Are Your Outsourcer's Prices Too Low?
- 11 March, 2010 07:40
- Comments
It's always a good idea to benchmark your outsourcer's prices periodically against the market. But what if you find that your IT service provider's rates are too low?
It could happen. And it's not usually a good thing. While every benchmarker, client and outsourcer has an opinion about acceptable variances in IT service rates, outsourcing prices that come in at more than 20 percent below the market rate are red flags.
Prices that are too low can lead outsourcing vendors to issue more change orders for work they claim is beyond the scope of the original contract. Bargain basement prices can also push vendors to replace skilled staff with lower-cost personnel and innovate less. And they can lead to poor service that may not be covered by the client's service level agreements (SLAs.)
"Many service level agreements are written to provide the customer with relatively little protection; the targets are easy for the vendor to meet, while the actual service fails to adequately address the business needs," says Bob Mathers, principal consultant with Compass Management Consulting in Toronto. "If the vendor is making a fair margin, client and vendor can work together to close this gap. If the vendor is bleeding, they are more apt to stick to the letter of the contract and provide nothing more, leaving internal IT groups to pick up the slack."
Services Likely Priced Too Low
Under-pricing can show up in almost any area of service--except storage, where costs fall so fast it's hard for outsourcing contracts to keep up. Areas of service that tend to experience flat or marginal price declines over time, such as service desk or desktop support, often end up priced too low down the line.
"Also, if the client environment changes over the life of the contract in a way that makes it more expensive to support--decentralization or greater complexity--and prices have not increased to reflect these changes, that may result in contract prices that are below market," adds Mathers.
There can be valid reasons for cut-rate pricing, but that's less likely in today's mature outsourcing market. "If a vendor organization can leverage particular capabilities to lower their costs, they have a competitive advantage that may allow them to lower their pricing while maintaining margins," says Mathers. "That said, there are few levers left for vendors to pull. If a benchmark shows pricing to be below market, and the benchmark properly accounted for all material drivers of price in the services, it is safe for the client to conclude that the vendor most likely has lower-than-market margins."
Bargain basement rates often are a result of errors on the part of the provider. Outsourcing prices are complex to set--even for the pros. "I once saw a mainframe deal where the applications were priced at 30 percent of market. I don't even think the vendor ever figured that out," says Adam Strichman, an independent outsourcing consultant in Mechanicsville, Va. "Application hours are a complicated calculation even for the best pricers and benchmarkers. Often, the accountants measuring the deal screw up the pricing."

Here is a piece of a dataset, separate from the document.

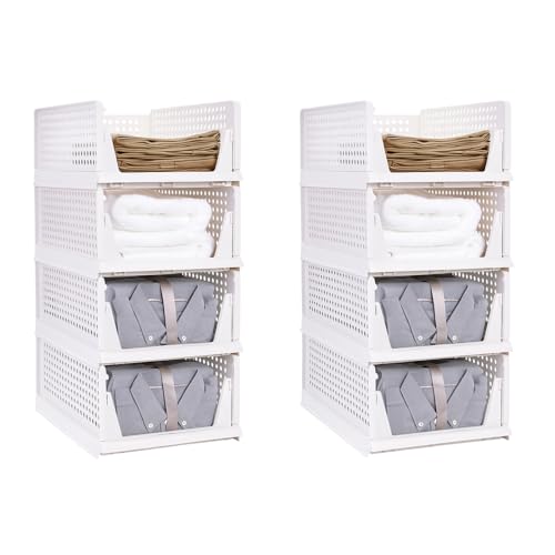 8 PCS Organisateur Empilable Tiroir, Vetement Armoire Empilable Tiroir Coulissant, Rangement Vetement pour Placard, Cuisine, Salle de Bain, Chambre à Coucher (Blanc, Lot de 8, 33.5*43*72 cm)

Outsourcing customers may never notice that their prices are too low, either, particularly if their demand for IT services and, thus, their overall costs, are rising steadily.
"[Underpriced IT services] can hide quietly for years with no problems," says Strichman. "However, when they grow, it brings problems front and center, as the vendor tries to make it up elsewhere, which causes friction."
Address Price and Service with Your Vendor
Most clients that discover that an outsourcer is actually charging too little want to keep quiet, says Strichman, "but in many cases, it just makes matters worse."
No one wants to see their IT outsourcing prices go up, but smart customers opt for openness. "The first step is to acknowledge that this is a situation that needs be addressed," says Mathers.
Customer and provider should meet to discuss how to lower support costs (greater standardization, offshoring, more integrated processes) or expand the scope of services to allow the vendor to increase revenue and lower client costs. If there is no way for the vendor to make a reasonable profit on certain services, says Mathers, it may be time to shop for a new provider or bring them in-house.
In some cases, client and vendor will agree to rework prices "to better align not only with the vendor's costs, but with the way that the business consumes IT services," Mathers says. "This gives the business the levers it needs to affect its IT charges through better demand management, and ensures that the vendor's support costs are aligned with its revenues."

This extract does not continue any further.